Tuesday, March 22, 2011

Was Tun Razak murdered?

Time for another uncles’ story wakakaka.

To start off, I have to quote Terence Netto’s Malaysiakini article
Factual veracity of Dr M's memoirs questioned, which commented on Dr Mahathir’s memoirs.

However, my story is NOT about Dr M - sorry to disappoint you admirers and haters of Dr M ;-)

Terence Netto wrote [relevant extracts]:

One of the puzzles of his [Dr M’s] standing as a champion of the Malay position in the country's politics is that he ascended to that status despite the dim view of the race's capacity for advancement, as evidenced by what is said in ‘The Malay Dilemma.’

Attempts were made by contemporaries to rebut those opinions, most notably by the late academician Syed Hussein Alatas, who was responsible for a slender tract ‘Siapa Yang Buta?’ (Who is More Blinkered?), which exposed as unscientific and poorly researched the opinions espoused by Mahathir in his diatribe ...

… the banning of ‘The Malay Dilemma’ had the unfortunate effect of giving a spurious legitimacy to Mahathir's views, as if the fact that his book was contraband meant that the opinions propounded in it were necessarily cogent.
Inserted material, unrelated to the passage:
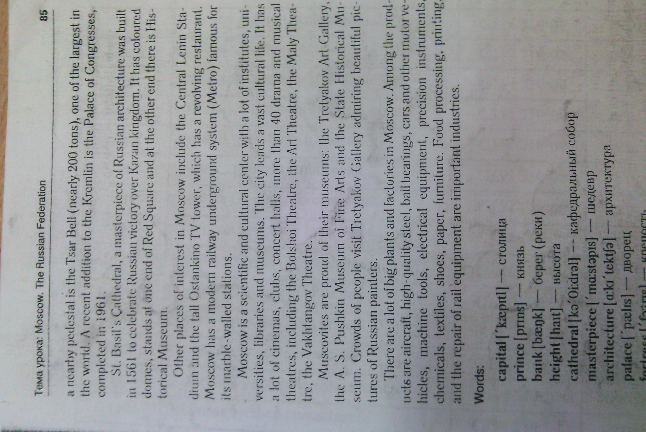 Соседний постамент царь-Бел (почти 200 тонн), один из крупнейших вмира. Недавнее дополнение к Кремля находится Дворец конгрессовЗавершено в 1961 годуСобор Василия Блаженного, шедевр о! Был построен русской архитектурыв 156l, чтобы отпраздновать победу русских над Казанью! королевства. Он имеет цветнойкупола, стоит ал одном конце Красной площади и на другом конце его-музей историческихДругие достопримечательности в Москве включают в себя Центральный Ленина ста-diuin и высокий Останкинская телебашня, которая имеет вращающийся ресторанМосква имеет современную! подземная железная дорога (метро) известных (илисвоими мраморными стенами станций.Москва является научным и культурным центром с много институтов, уни-верси лжи, библиотек и музеев. Город ведет обширную культурную жизнь. Он имеетмного о! кинотеатры, клубы, концертные залы, Inore (более 40 draina и музыкальныетеатры, в том числе Большого театра, искусство театр, Малый Теа-(дерево, театр Vakhtangoy.Москали pro1udl о! (musetuins наследник: (Третьяковская галерея(А. С. Пушкин Musetuin из! Filie искусств и Государственной Hlistorical мил-Селим. Толпы! люди посещают Третьяковская (1allery любуясь красивый пирогтурес русских художников.Есть много больших заводов и фабрик в Москве. Среди прод-спкт самолеты, высококачественной стали, подшипники залог, автомобили и другие моторные ве-вый, станки, электрооборудование, точные приборыхимикаты, текстиль, обувь, бумага, мебель. Пищевая, полиграфическаяи (он ремонт железнодорожного оборудования являются важными отраслямиСлова:капитал! держится!капиталпринц ПринсПринцбанк (bepkберег (реки)высота (шляпа) высотакафедральный собор (в Oidral-- Соборшедевр "mastopisархитектура отсутствие архитектуры tektfalдворец палс Abopet.
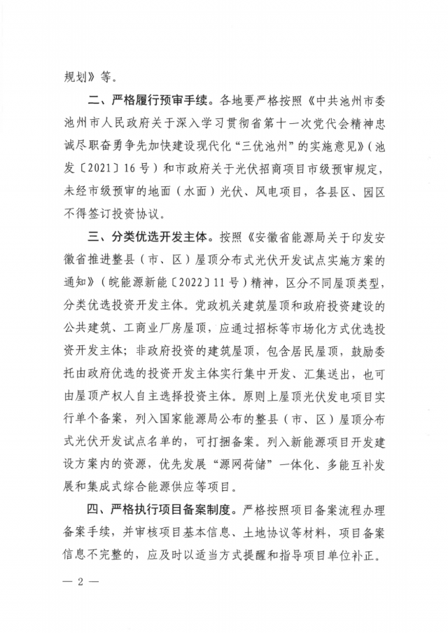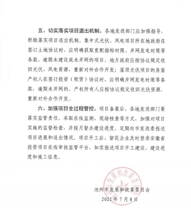 通知強(qiáng)調(diào):各地要嚴(yán)格按照《中共池州市委池州市人民政府關(guān)于深入學(xué)習(xí)貫徹省第十一次黨代會(huì)精神忠誠(chéng)盡職奮勇爭(zhēng)先加快建設(shè)現(xiàn)代化“三優(yōu)池州”的實(shí)施意見》(池發(fā)(2021] 16號(hào))和市政府關(guān)于光伏招商項(xiàng)目市級(jí)預(yù)審規(guī)定,未經(jīng)市級(jí)預(yù)審的地面(水面)光伏、風(fēng)電項(xiàng)目,各縣區(qū)、園區(qū)不得簽訂投資協(xié)議。

If the book had not been banned and the author not been sacked from Umno, it is doubted that Mahathir's career would have gained the springboard from which he vaulted to the top positions in Umno.

In the event, terminal illnesses to Abdul Razak Hussein and Dr Ismail Abdul Rahman, Razak's unease with Harun Idris' Umno Youth-fuelled ascendancy, Hussein Onn's being unduly enamoured with Ghazali Shafie, Ghafar Baba's lack of tertiary education and Razaleigh Hamzah's unpreparedness due to relative youth - were the potpourri of factors that enabled Mahathir to ghost through to the No 1 position.

Essentially, Mahathir came in from left field and upended the whole arena.

Let’s consider the second last paragraph, where my story, true or just typical Malaysian rumour-mongering, centres around Malaysia’s second PM, Tun Razak.

From stories I heard in my teenage years, it would seem that Tun Razak, rather than Tun Hussein Oon, was the one who was (to use Terence Netto's word) 'enamoured' with Ghazalie Shafie. Hussein Oon merely continued his brother-in-law’s plan to have Ghazalie groomed as a potential PM.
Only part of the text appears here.